Personal Injury - Motor Vehicle Accident - No Fault Insurance - Dramshop Act

In Borkowski v Niles, Unpublished Court of Appeals Case No. 72181 (Decided January 21, 2020) the plaintiff brought a claim under the Dramshop Act as well as a third party negligence claim following an automobile accident involving a drunk driver.  Prior to the accident, the at-fault driver had spent several hours at an American Legion Post where she consumed multiple alcoholic beverages. The plaintiff argued that the at-fault driver was visibly intoxicated when served at the American Legion Post thereby making the Post liable under the Dramshop Act for his injuries. The trial court disagreed and granted summary disposition in favor of the Post. The plaintiff appealed.

The Dramshop Act provides that “[a] retail licensee shall not . . . sell, furnish, or give alcoholic liquor to an individual who is visibly intoxicated.” MCL 436.1801(1). The Act further provides “[A]n individual who suffers damage or who is personally injured by a minor or visibly intoxicated person by reason of the unlawful selling, giving, or furnishing of alcoholic liquor to the minor or visibly intoxicated person, if the unlawful sale is proven to be a proximate cause of the damage, injury, or death, or the spouse, child, parent, or guardian of that individual, has a right of action in his or her name against the person who by selling, giving, or furnishing the alcoholic liquor has caused or contributed to the intoxication of the person or who has caused or contributed to the damage, injury, or death.” MCL 436.1801(2).  In determining whether someone was visibly intoxicated for purposes of liability under the Dramshop Act “[t]he relevant inquiry . . . posed is whether the combination of circumstantial evidence and the permissible inference drawn therefrom . . . permits a finding that [an allegedly intoxicated person (“AIP”)] was ‘visibly intoxicated’ when [s]he was last served alcohol at [the defendant’s bar].” Heyler v Dixon, 160 Mich App 130, 146; 408 NW2d 121(1987).

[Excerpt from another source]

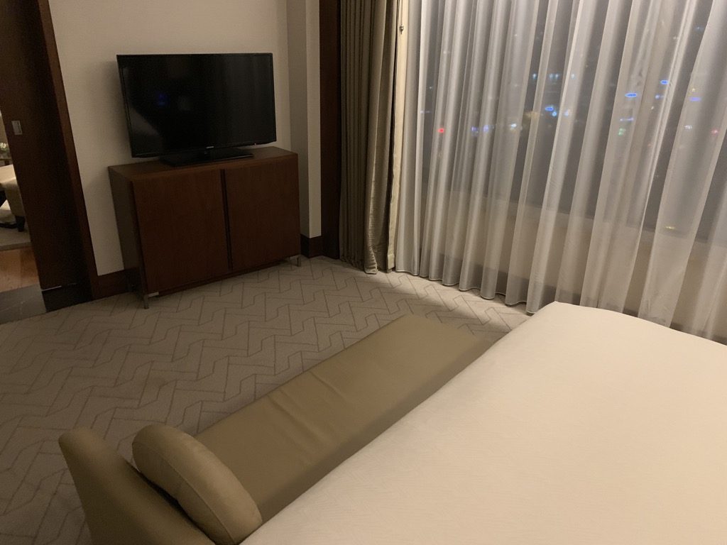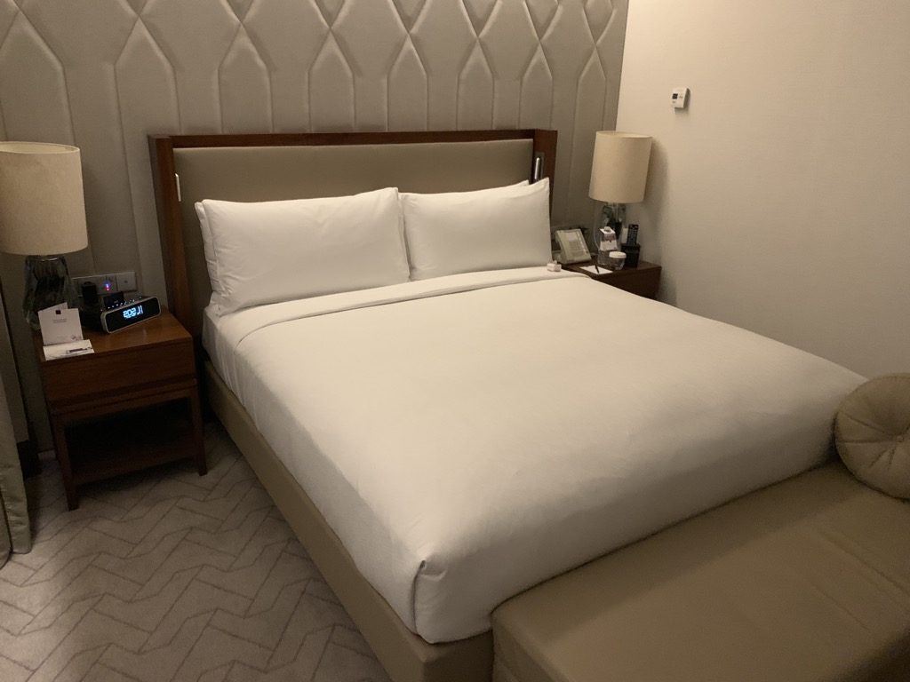 Durch eine Schiebetür im Wohnzimmer kommt man in das Schlafzimmer der Suite, welches im Conrad Istanbul auch angenehm groß ist. Kleine Suiten haben oft den Nachteil, dass die Schlafzimmer gerade groß genug für das Bett sind – dies war hier nicht der Fall.

The Court of Appeals reversed the trial court’s decision finding that the responding officer “noticed signs of visible intoxication less than 15 minutes after [defendant driver] left the Legion. Moreover, a physician’s assistant testified that [defendant driver] appeared to be intoxicated when he evaluated her in the emergency room, and her [BAC] was measured at .214 grams of alcohol per 100 milliliters of blood approximately one hour after she left the Legion. [Defendant driver] also exhibited belligerent behavior at the hospital after being admitted for observation.” As such, the court determined that the “direct and circumstantial evidence presented and the reasonable inferences drawn from it, create a material question of fact upon which reasonable minds could differ.”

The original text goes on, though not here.